Время успело перевались за полдень, солнце нещадно пекло и даже крона дерева теперь едва ли могла спасти. Дети крестьянок, вволю набегавшись, наигравшись, поссорившись и помирившись, жалостливо просили у матерей по краюшке хлеба. Те хмурились, качали головами, стирали бисер пота со своих высоких загорелых лбов и продолжали работу.
Три девочки завороженно плели венки друг другу. Одуванчики в их умелых пальчиках переплетались, змейкой обвивали русые головки и застывали в них пышной короной.
- Марьюшка! Марьюшка! – покликала неожиданно одна из крестьянок.
Девочка, самая красивая из трех, с янтарными глазами, волосами, что кольцами спадали на плечи, с румянцем на загорелых щеках, вскочила, радостно бросилась к матери и рассмеялась перезвоном колокольчиков, когда та насыпала ей в сложенные ладони горсть ягод. Ее взгляд заметался среди других людей и уцепился за старика.
- Дедушка, дедушка!
- Негоже, да к старому человеку… - начала ее мать, да осеклась.

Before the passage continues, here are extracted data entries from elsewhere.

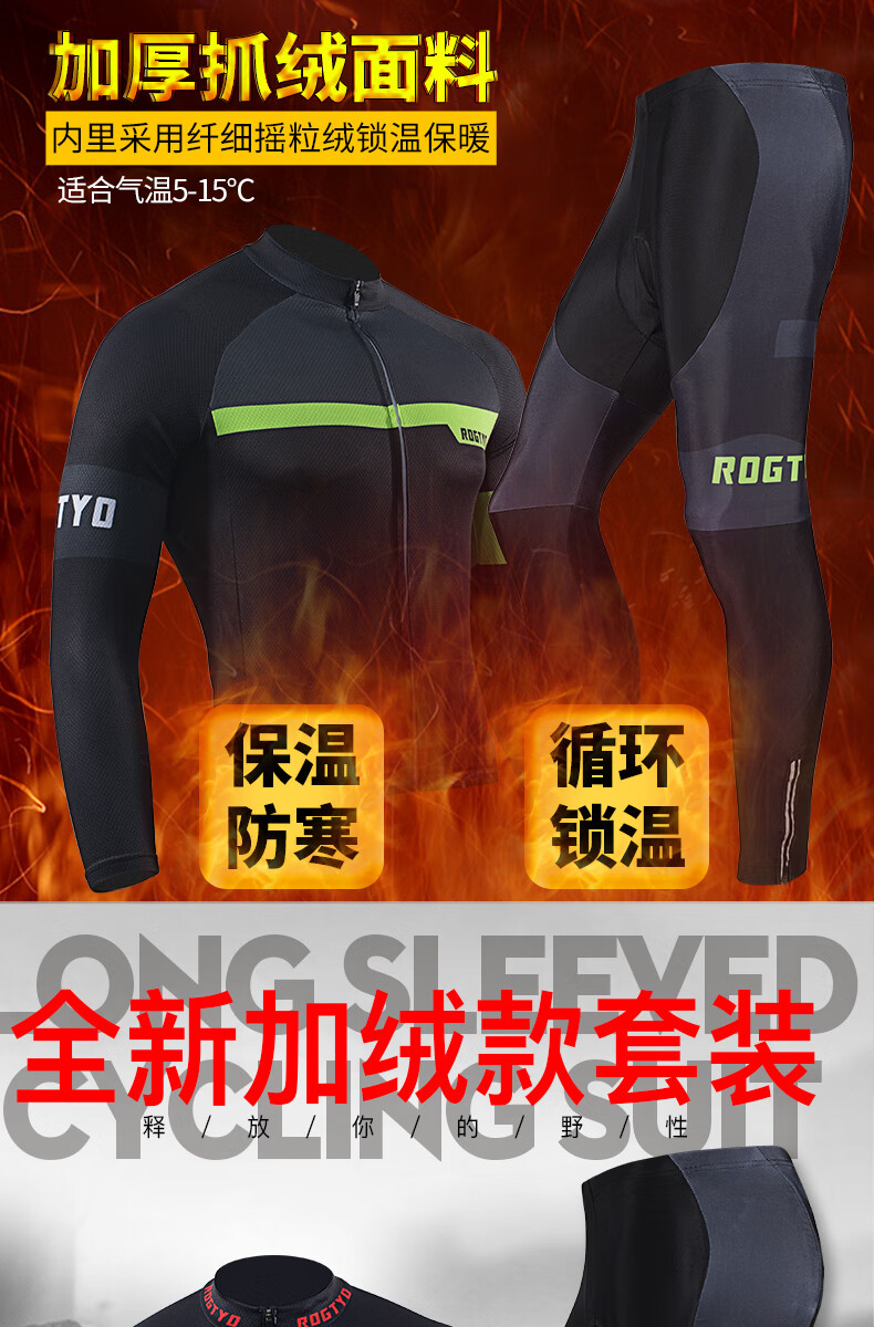 ROGTYO cycling clothing set fleece thickening cycling clothing spring and autumn men and women winter outdoor sports plus fleece warm cycling clothes mountain bike riding equipment RT38-4 fleece cycling clothing XXL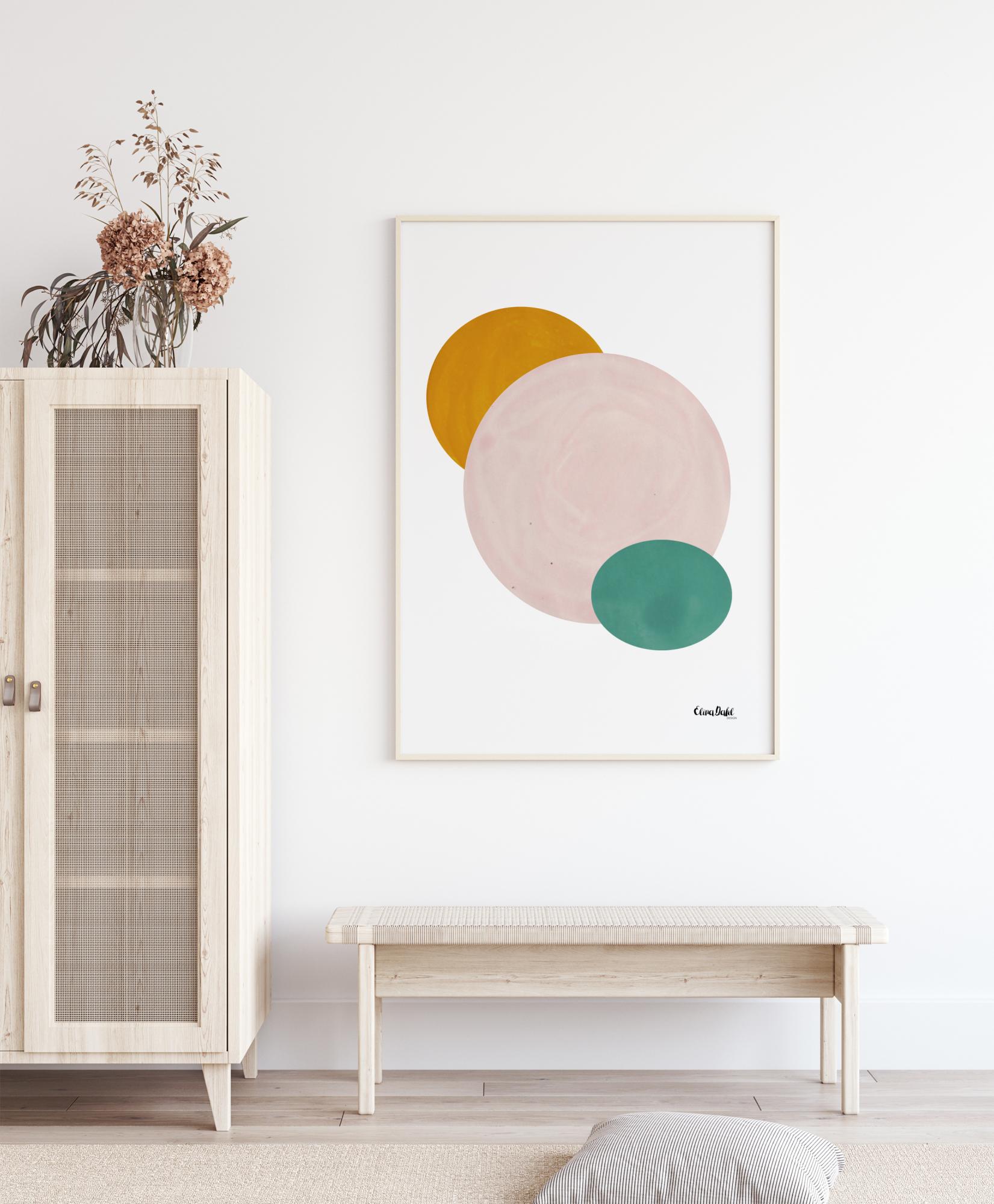 Ein herrlich unkompliziertes abstraktes Poster mit pastellfarbenen grafischen Formen, erstellt von der Designerin Elina Dahl. Ein stilvolles Bild, das hervorragend in das minimalistische, moderne oder retroinspirierte Zuhause passt. Dieses Poster sieht zusammen mit Elina Dahls anderen Postern im gleichen Stil fantastisch aus.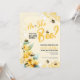 A cute gender reveal theme with 'He or She, what will baby BEE' bumblebee and honeycomb. Featuring little watercolor bees, yellow flowers, and a messy honeycomb pattern. Yellow and black fonts, but you can change them out to whatever you'd like. You can also change the background colour, I also think it looks cute with a white background. Cute Yellow Flowers Honeycomb Watercolor He or She What Will Baby BEE Gender Reveal Party Invitation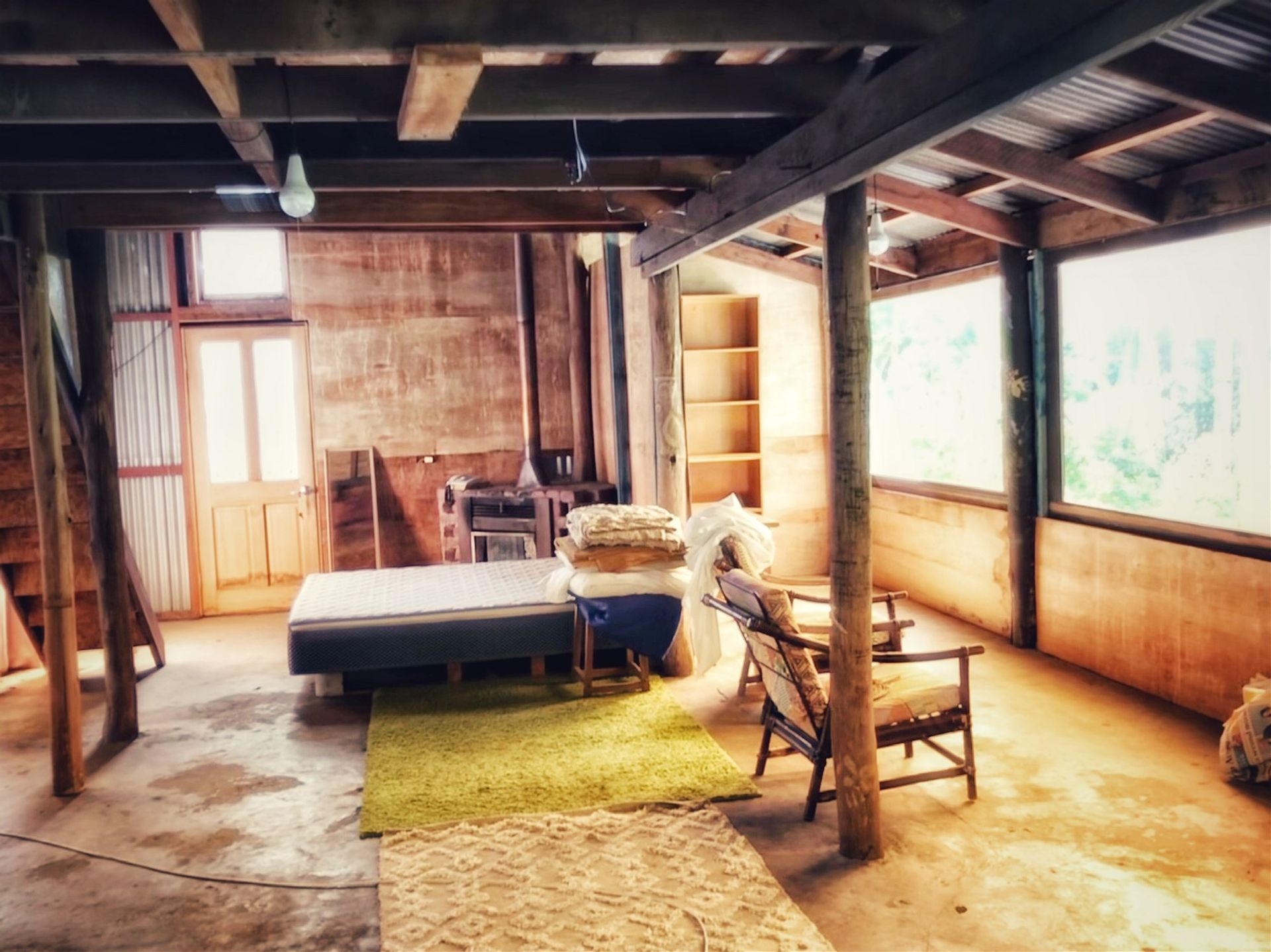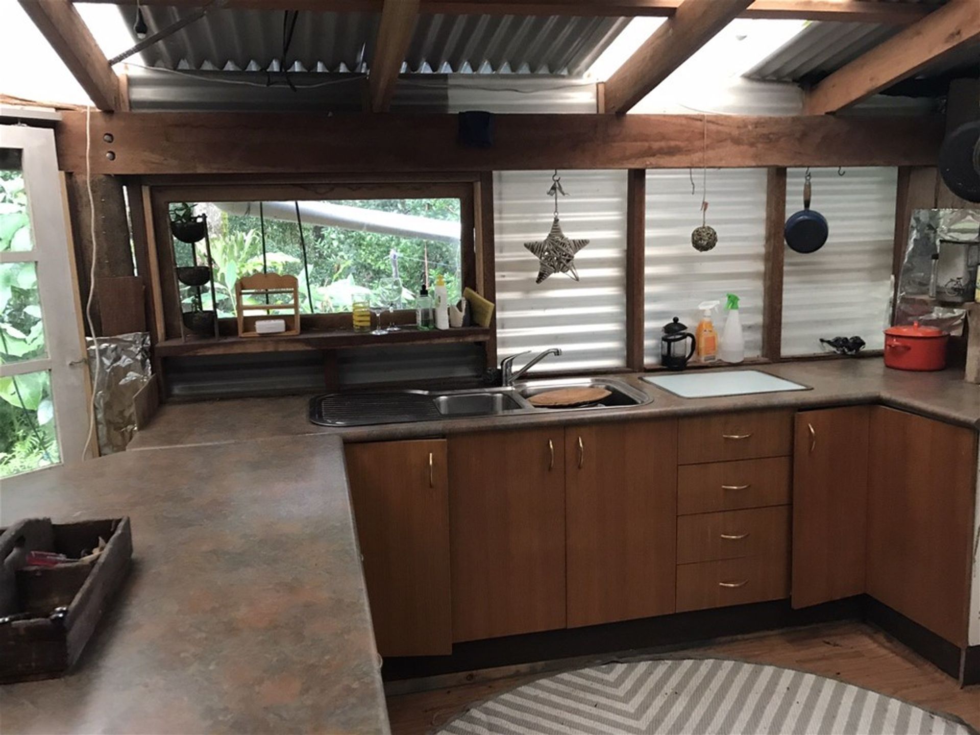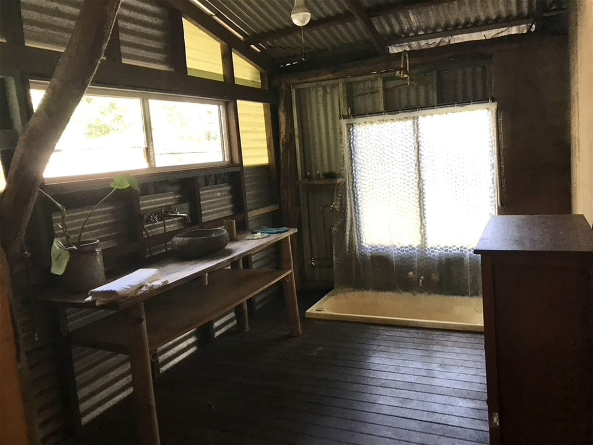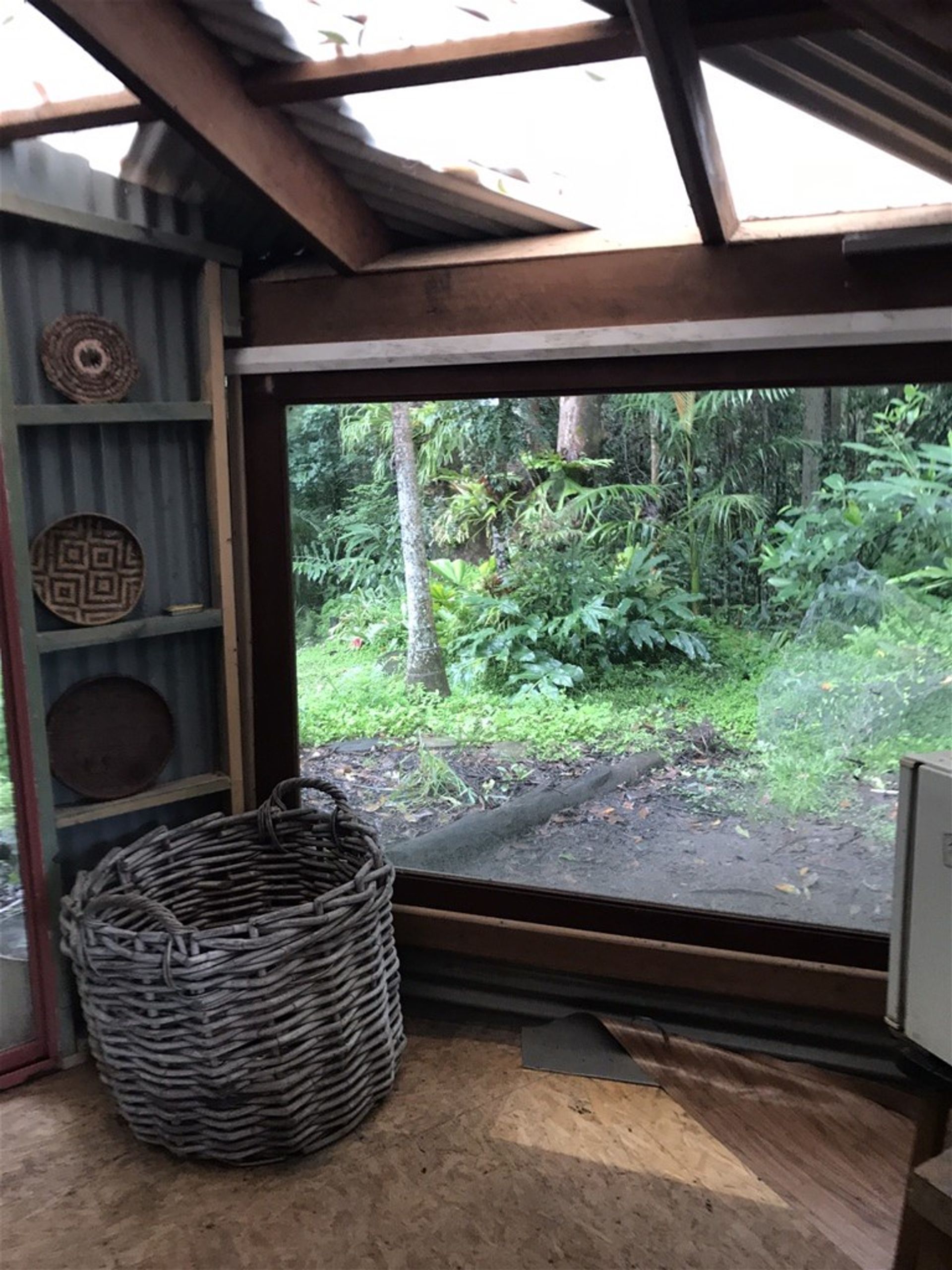 Lush tropical gardens abound & surround the open plan, rustic style main dwelling, complete with wood fired stove & solar power.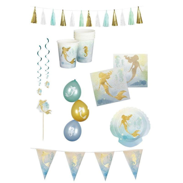 Mermaid Themed Party Accessories for Children or Themed Parties with Mermaid Design in Gold.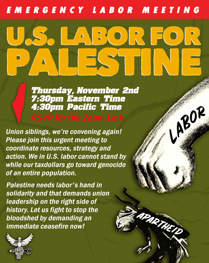 1. Join us for the Emergency Labor Meeting for Palestine today November 2nd, at 7:30 ET. Please register now! We will hear critical reports from workers across the labor movement organizing for Palestine, and collectively map out our next steps.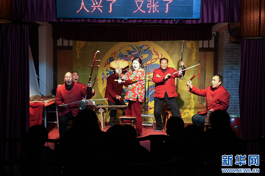 在西安永興坊——陜西非遺文化特色街區(qū),今年69歲的楊啟民(右二)和“華陰市衛(wèi)峪老腔藝術(shù)團(tuán)”的其他老藝人表演國(guó)家級(jí)非遺華陰老腔《關(guān)中古歌》。新華網(wǎng) 楊喜龍 攝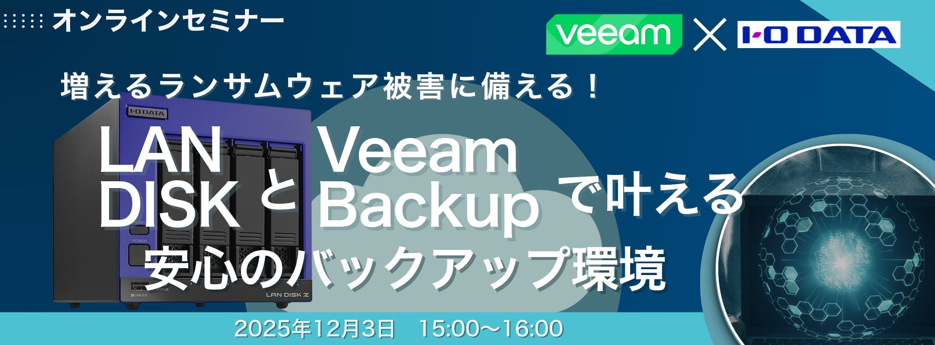 株式会社アイ・オー・データ機器(本社:石川県金沢市、代表取締役会長:細野 昭雄、以下、アイ・オー・データ)は、ヴィーム・ソフトウェア株式会社様との共同セミナー「増えるランサムウェア被害に備える!LAN DISK × Veeamで叶える“安心のバックアップ環境”」を開催します。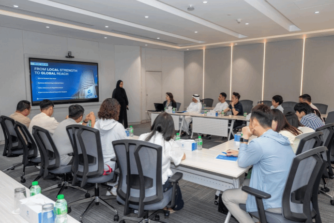 访学期间,学员们先后走进阿布扎比工商会、阿布扎比投资办公室、迪拜国际金融中心及迪拜南城自贸区,通过沙盘讲解、互动问答与园区参观等丰富形式,深度探访中国落地企业的运营实况。从政策解读到市场洞察,大家对中东地区的商业环境、投资机遇及准入规则形成了全面且深入的认知。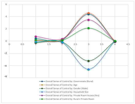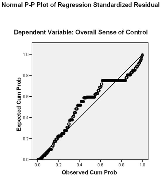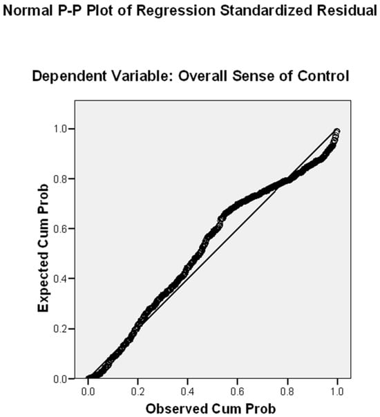 The study’s key variables demonstrated meaningful variation across the sample (Table 2). The dependent variable, overall sense of control, showed moderately high levels (M = 4.08, SD = 1.10) on a 6-point scale. Its two components revealed interesting differences: control of activities (M = 4.32, SD = 0.90) scored slightly higher than control of opinion (M = 4.31, SD = 0.86), with personal issue opinions (M = 4.42, SD = 0.88) ranking higher than general matters (M = 4.21, SD = 1.05).

Старик поднялся на ноги и подозвал к себе девочку. Та, похожая на птичку, ненароком покинувшую небо, заскользила к нему по траве, увлекая за собой подружек. Старик сложил ладони лодочкой и легко дунул в них. Сначала показались два ушка. Потом – испуганная мордочка. Под заливисто-восхищенный смех зайчонок выпрыгнул из шершавый ладоней и начал бегать по земле, наворачивая круги.  Старик посвистел, и на плечи девочкам опустились маленькие птички, а юркие веселые белочки, оставив свои владенья, уселись на их руки.
- Дедушка, да вы кудесник! Самый настоящий!
- Да, да! Настоящий!
- Дедушка, а расскажите сказку!
- Сказку? – улыбнулся старик.
- Сказку, сказку, ска-азку, - заголосили разом трое.
- Хорошо, - кивнул он, доставая из сумы своих кукол, - сказку так сказку.
- Жила-была девица, что славилась своей красотой на весь мир, потому что глаза ее были яркие, как солнце, лик нежней и красивей, чем лунный свет, голос – точно шелест ветра в высокой траве, а нрав ласковый и добрый…
Одна из кукол вдруг поднялась, совсем без помощи старика, отряхнула небесно-голубое платье, поправила волосы, что спадали на спину настоящим водопадом и улыбнулась.
- … Только одно омрачало ей жизнь и пугало маленьких детей при случайной встрече – всю ее левую щеку пересекал ужасный шрам. Был у нее дом, но в доме том никто не жил, ведь болезнь забрала всю ее родню во свои владения, лишь девушке, которая могла затмить собой все небесные светила, не нашлось там места. Так он и стоял, пуст и тих, подпирая косой крышей небо, печально взирая на проходящих мимо путников. А девушка, бродя по лесу, искала обездоленных и бедных, чтобы помочь. И часто засыпала на берегу быстрого ручья…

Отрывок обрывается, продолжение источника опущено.